A wise old professor used to caution his students about feeling too confident in their own righteousness. "It could be," he'd say, "you just haven't met an offer you couldn't refuse." That must go double for entertainers, no matter their public image. The more popular, the more temptations to deal with. Because once you're bringing in serious money, nobody wants to say no. A terrific object lesson from the "public image/no/temptation" file is the incredibly romantic tale of Johnny Cash and his second wife, June Carter. 

Back in the early days, the man in black was racking up hits and popularity, with his first wife at home and, eventually, four daughters. June Carter, meanwhile, was a member of the Carter Family — the daughter of Mother Maybelle Carter, as NPR reports — rendering her country music royalty. While Cash's wife, Vivian Liberto, stayed with the kids, he toured with the Carters, including June, and often had to reassure Liberto that he was true to their marriage: "I walk the line," he'd tell her, and probably stash that thought away for the future. 

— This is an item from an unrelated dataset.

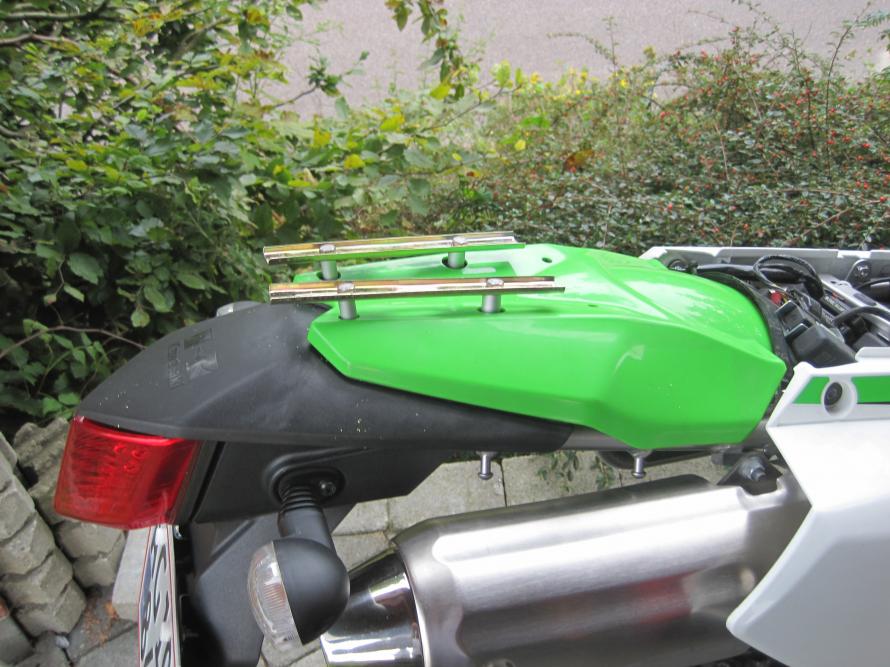 Oh - I forgot; used 10mm alloy pipe to cut distance tubes from - thereby raising the mounting bars over the rear fender.

According to Vivian's autobiography, I Walked the Line: My Life with Johnny, he was less than honest about that. Because temptation loomed large — both from drugs, as he became very fond of amphetamines, and from June Carter.

Despite everything, they remained married for 35 years

As the Ventura County Star reported, Liberto believed that it was Carter who went after Cash, not the other way around. Their daughter, Cindy, says that Carter "wanted Dad and she was going to get him. And she did. She made herself very available, to where he pursued her back."

June became Johnny's second wife, and Johnny her third husband. Arguably, theirs was not the most rock-solid foundation for a long-lasting marriage, built, perhaps, mostly on passion and desire (with a dollop of country music): as the Atlantic explains, Carter and her sister co-wrote Cash's hit "Ring of Fire," and the song was about her emotional response to she and the singer's forbidden relationship. That said, truth gets complicated, and Cash wasn't the only one relying on better living through chemistry. Their son, John, published his own book in 2007, reports Reuters, detailing not only his father's pill abuse, but his mother's. Evidently, their arguments were long and heated. She spent money egregiously, and he followed suit. As two people raised in religious households, there certainly had to have been enormous personal guilt over how their relationship began — just not enough to stop them. 

Nor did it keep him from cheating on her with her sister, Anita, as Esquire relates. Yet, somehow, Johnny and June made their marriage work. Per Biography, they had been married for 35 years when she died on May 15, 2003. Cash followed her into eternity that September.